Craft beer sales are shooting through the roof in Britain and the number of brewers selling, buying and supplying is growing week on week

 

by ERIK HOFFMANN

There is definitely more brew where it's coming from. Here from Beavertown Brewery's stock. 

Retail company Majestic Wine reported that their sales of craft beer and spirits rose by 164% in 2014 compared with 2013, and hailed craft beer as their most promising product.

 

2014 was a good year for the beer industry as a whole, at least parts of it. The British Pub and Beer Association could report positive growth for the first time in five years, with a 1.7 per cent rise in total sales in the year’s first three fiscal quarters.

 

On-trade sales numbers are still declining, though, as the positive numbers were entirely held up by off-licence sales. It is difficult to quantify how much growth is down to craft beer sales, as there is no clear distinction of what craft is and because there are no records kept separating craft sales (i.e. independently brewed beer) from other hard data.

 

However, there is no denying that the craft segment of the sector is experiencing a continuing boom, with 70-odd micro breweries now to be found in London alone and new ones added to the scene each month.

 

“I see this as the beginning of this beer movement, this isn’t midway into it,” says Tom Cadden, Group Manager of Craft Beer Co., a London craft pub chain. He argues that there is no established pattern and that innovative products and new events are being rolled out each week.

 

Southwark now hosts ten independent breweries, more than any other London borough.
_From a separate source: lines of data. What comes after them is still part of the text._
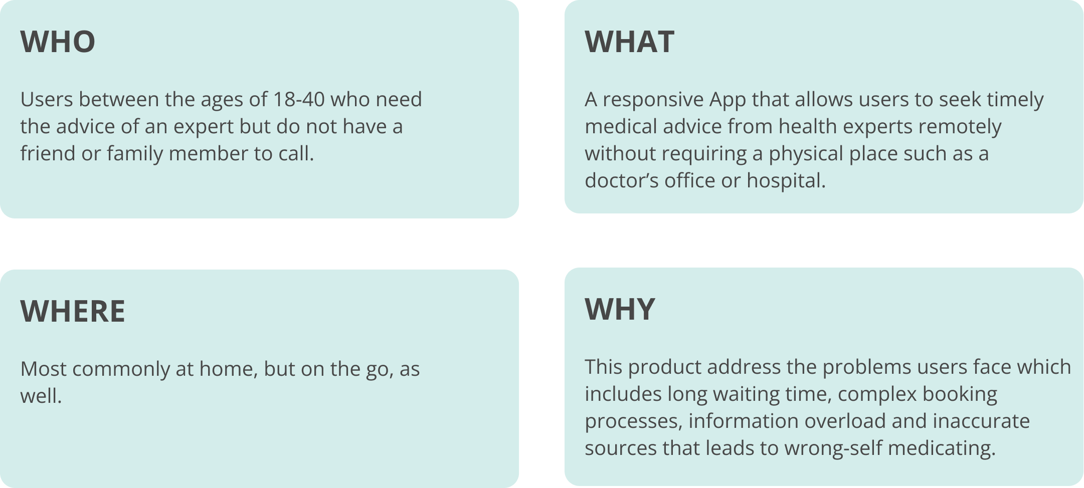 USER STORY: As a busy working mum of two, I want to quickly sign up and book a call to speak to a suitable health expert so I can get the right medical advice in the comfort of my home or on the go.
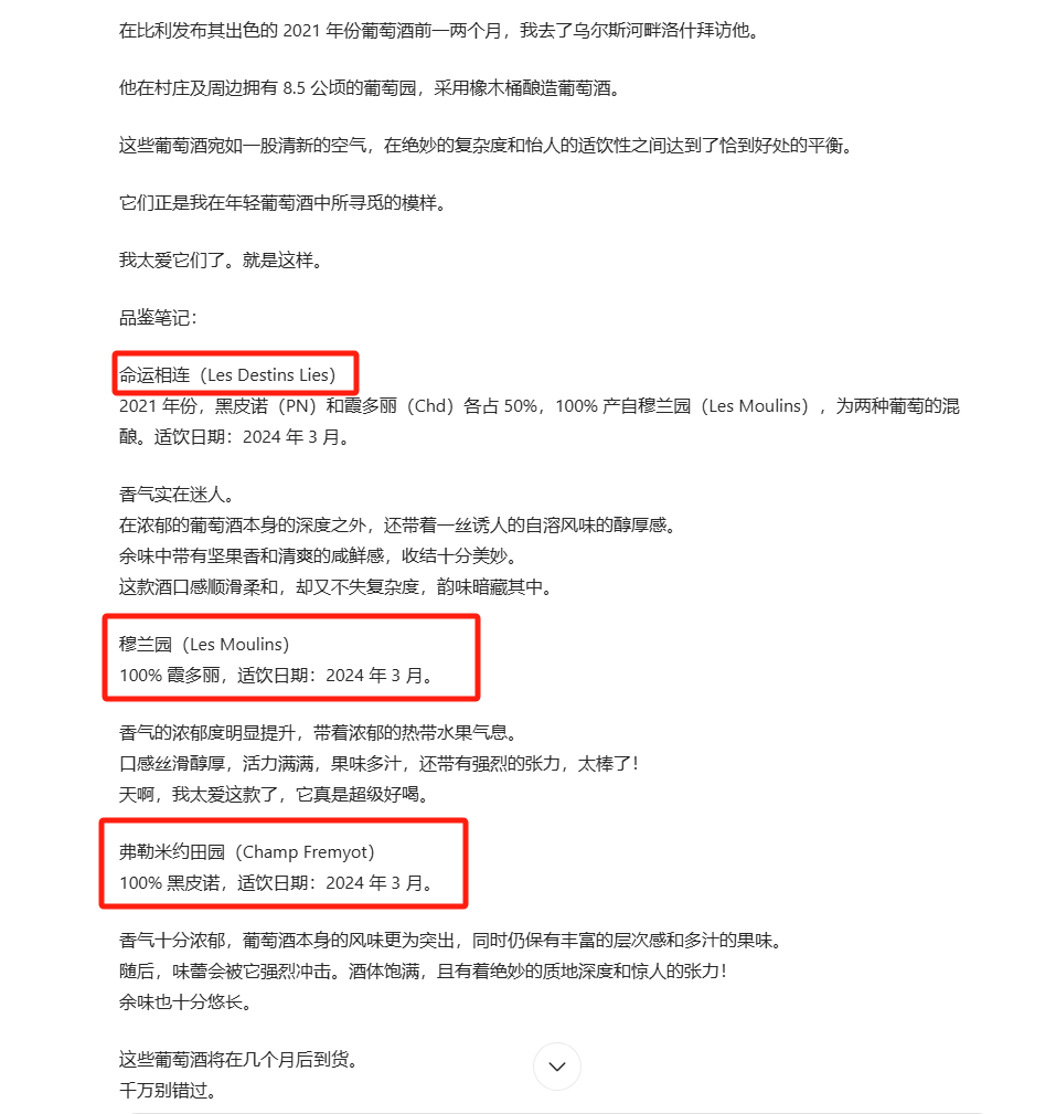 余韵中带有坚果气息与清爽的咸鲜感,收结优雅。这款酒口感从容舒展,却不失复杂度,层次丰富而不张扬。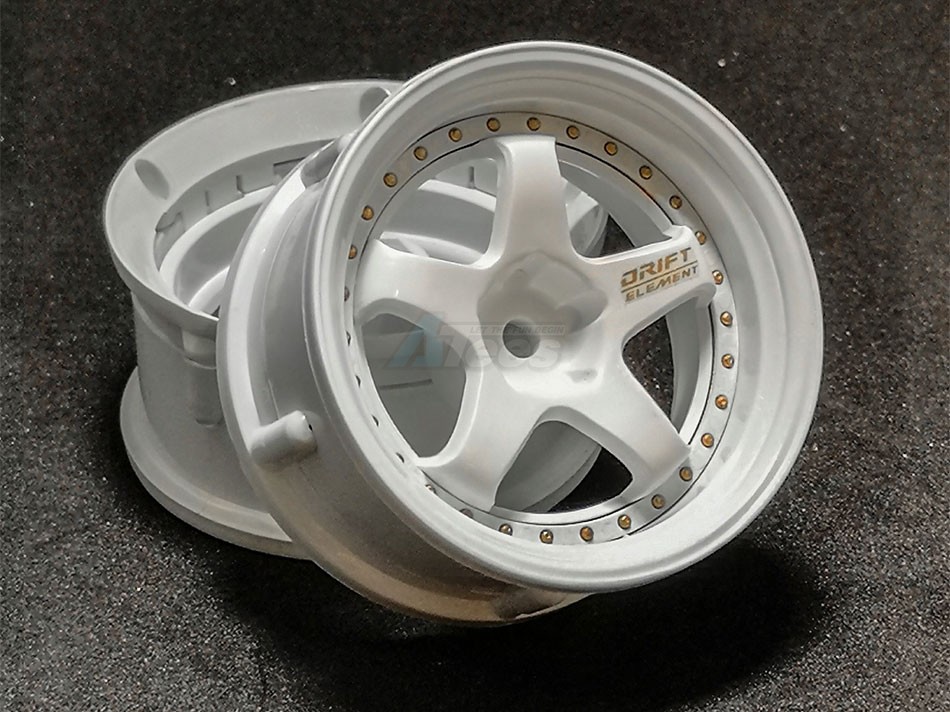 - Factory description: DS Racing Drift Element Wheel - Adj. Offset (2) / Triple White with Gold Rivets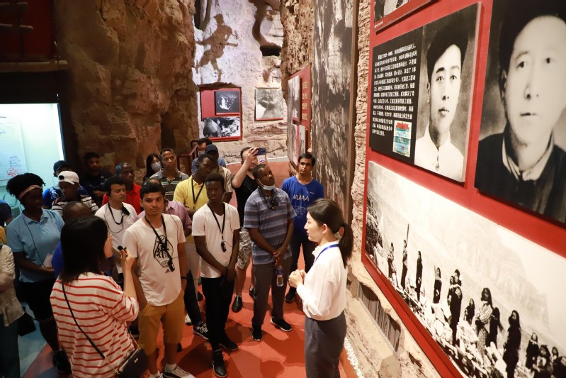 留学生在历史图片、视频资料和实物展示前看得专注、听得认真,不时发出阵阵惊叹。来自贝宁的留学生马利克深有感触地说道:“林州人们修建红旗渠的精神让我感到震撼,他们身上不怕困难、乐于奉献的精神是我们要学习的。我不得不感叹中国共产党在带领中国人民谋幸福的艰难过程中不断克服困难、创造奇迹,真的非常伟大,我很佩服中国人。”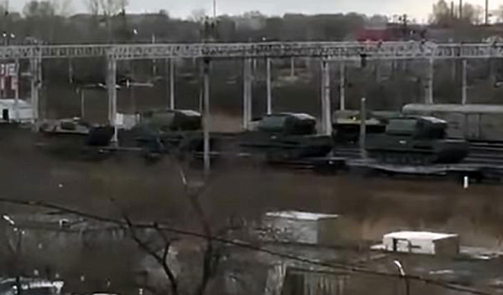 ট্রেনে সৈন্যবাহিনী ও সামরিক সরঞ্জাম সীমান্তের দিকে নিয়েছে রাশিয়া।
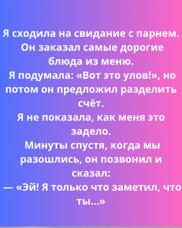 Я думала, что встретила особенного человека, но его следующий звонок всё изменил Я пошла на свидание с парнем. Он заказал самые дорогие блюда из меню. Я подумала: «Вот это улов!»,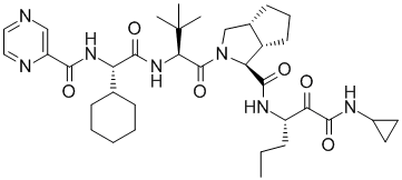 The FDA has also approved boceprevir (Victrelis, Merck) for hepatitis C virus (HCV) infection.This compound has a similar structure and the discovery program had an active crystallography group: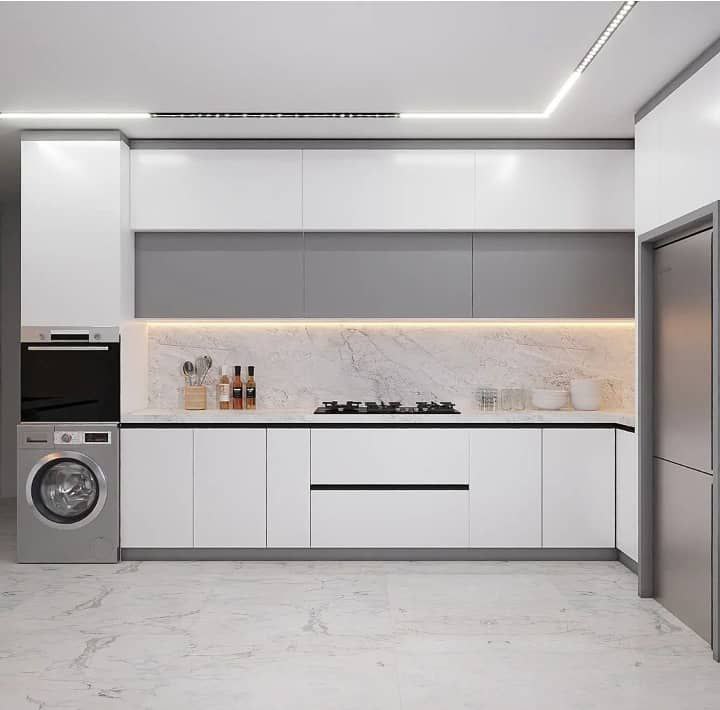 برای خانههایی با طراحی معاصر، کابینتهای مدرن چوبی با دربهای صاف (Slab Doors) و دستگیرههای مخفی یا خطی، سادگی و کارایی را به نمایش میگذارند. در این سبک، تمرکز بر خطوط مستقیم و استفاده از پوششهای مات یا براق روی چوب است تا ظاهری شیک و بدون پیچیدگی حاصل شود.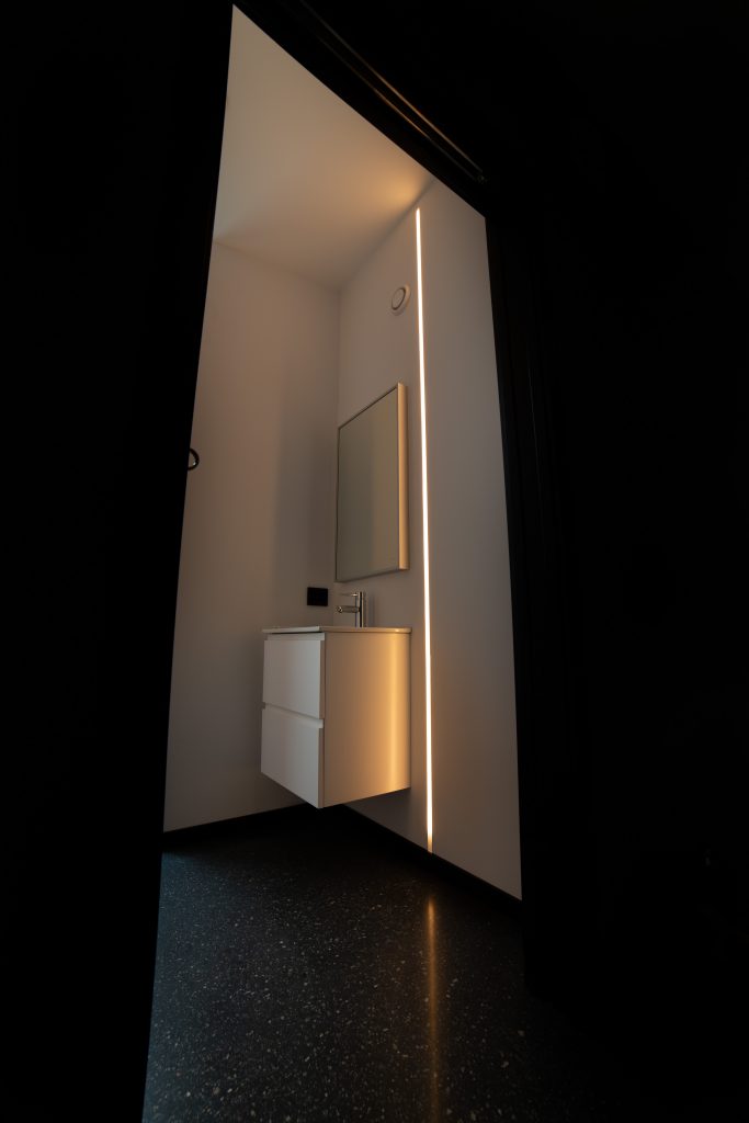 Flott funkisbolig i Ålesund med elegante belysningsløsninger. Her har det blitt benyttet downlight av typen Dakota, som kan tiltes 30 gr. i to retninger på den horisontale akse. Dette gir stor fleksibilitet i justering av lysretning. Trappelyset gir et behagelig lys og gir en elegant belysningseffekt som fremhever trappetrinnene. Innfelt LED strip på badet er et spenstig innslag, som stadig blir mer populært. Her er LED stripen innfelt i veggen, fra gulv til tak.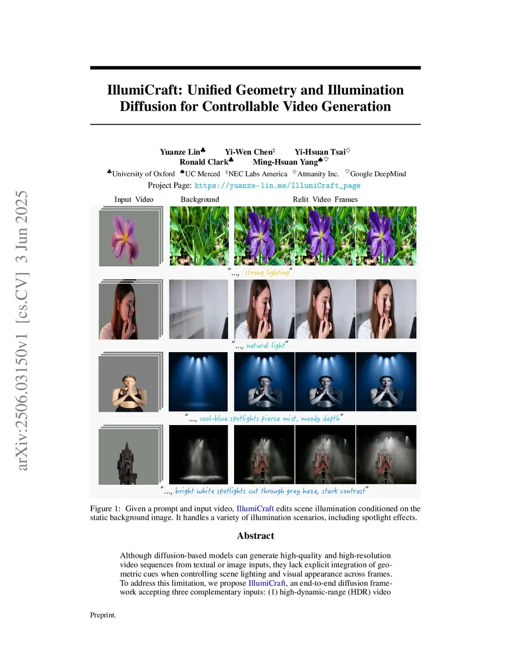 Although diffusion-based models can generate high-quality and high-resolution video sequences from textual or image inputs, they lack explicit integration of geometric cues when controlling scene lighting and visual appearance across frames. To address this limitation, we propose IllumiCraft, an end-to-end diffusion framework accepting three complementary inputs: (1) high-dynamic-range (HDR) video maps for detailed lighting control; (2) synthetically relit frames with randomized illumination changes (optionally paired with a static background reference image) to provide appearance cues; and (3) 3D point tracks that capture precise 3D geometry information. By integrating the lighting, appearance, and geometry cues within a unified diffusion architecture, IllumiCraft generates temporally coherent videos aligned with user-defined prompts. It supports background-conditioned and text-conditioned video relighting and provides better fidelity than existing controllable video generation methods. Project Page:this https URL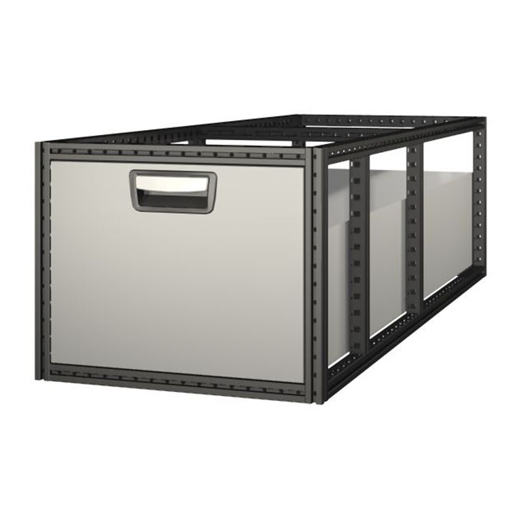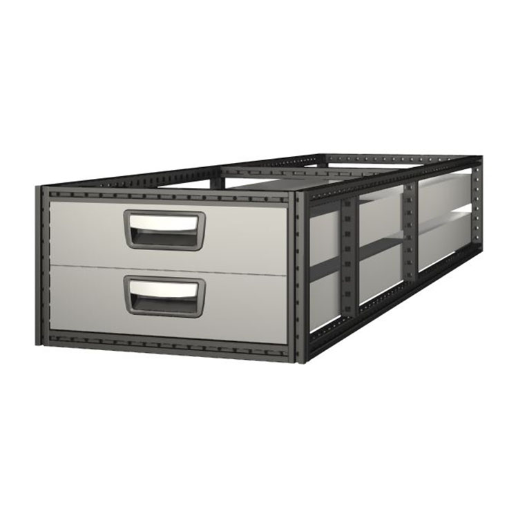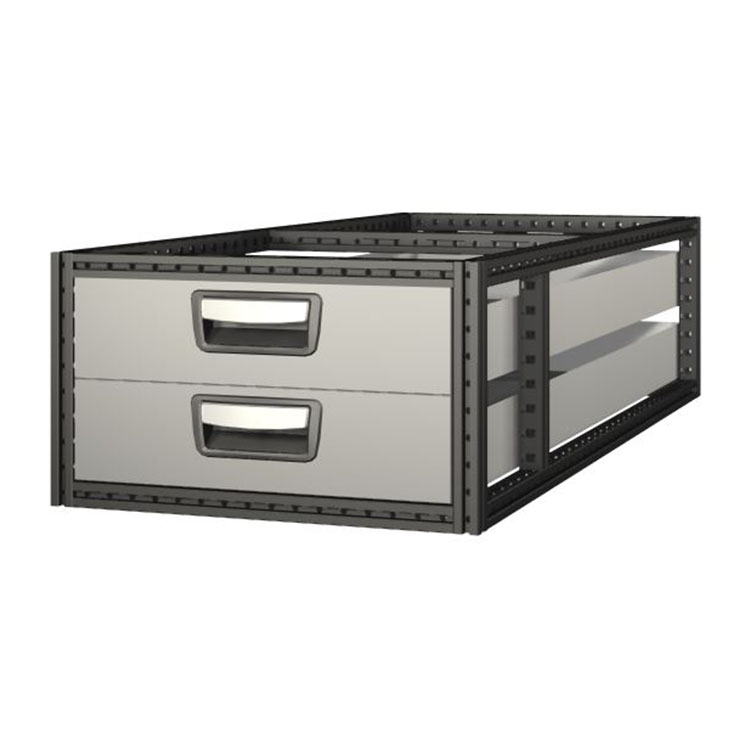 De extra diepe laden zijn ontworpen voor zware, omvangrijke voorwerpen en hebben een draagvermogen van 80 kg per lade, met een maximum van 200 kg per ladeblok. Als er rubberen versterkingsplaten worden gebruikt, wordt het draagvermogen verhoogd tot 100 kg per lade. De laden kunnen ongeveer 80 procent worden uitgetrokken en worden geleverd in dieptes tot 2 m. U kunt ze vrij combineren, zodat ze perfect bij uw lading en voertuig passen. De laden zijn standaard voorzien van kogellagers en een CRP (Crash Restraint Panel). Dit laatste voorkomt dat zware ladingen naar voren worden gestuwd in het geval van een ongeluk.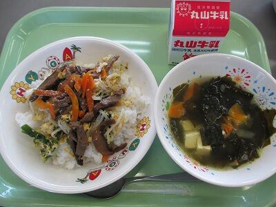 今日のビビンバは、別々に来た具材(甘辛く煮た牛肉と椎茸・ゆで野菜と卵)を自分でお皿の中で混ぜて食べるものでした。給食当番がつぎ分けるのは大変でしたが、低学年もなんとか混ぜて食べることができました。今日もおいしくいただきました。

In Bermondsey, a part of Southwark notorious for its rich brewing history, manufactures are having difficulties keeping up with demand.

 

“Every time we spend more money to buy more capacity, by the time it arrives it’s already built out,” says Daniel Lowe, Co-Founder of Fourpure Brewing.

 

Mr Lowe now sees the need to move to a more spacious location to increase production, and says that off-sale are definitely looking to increase their current market share of the UK beer market, and that in America craft beer accounts for 10 per cent of beer sales.

 

“Consumers are willing to pay for a product they view as better,” he says.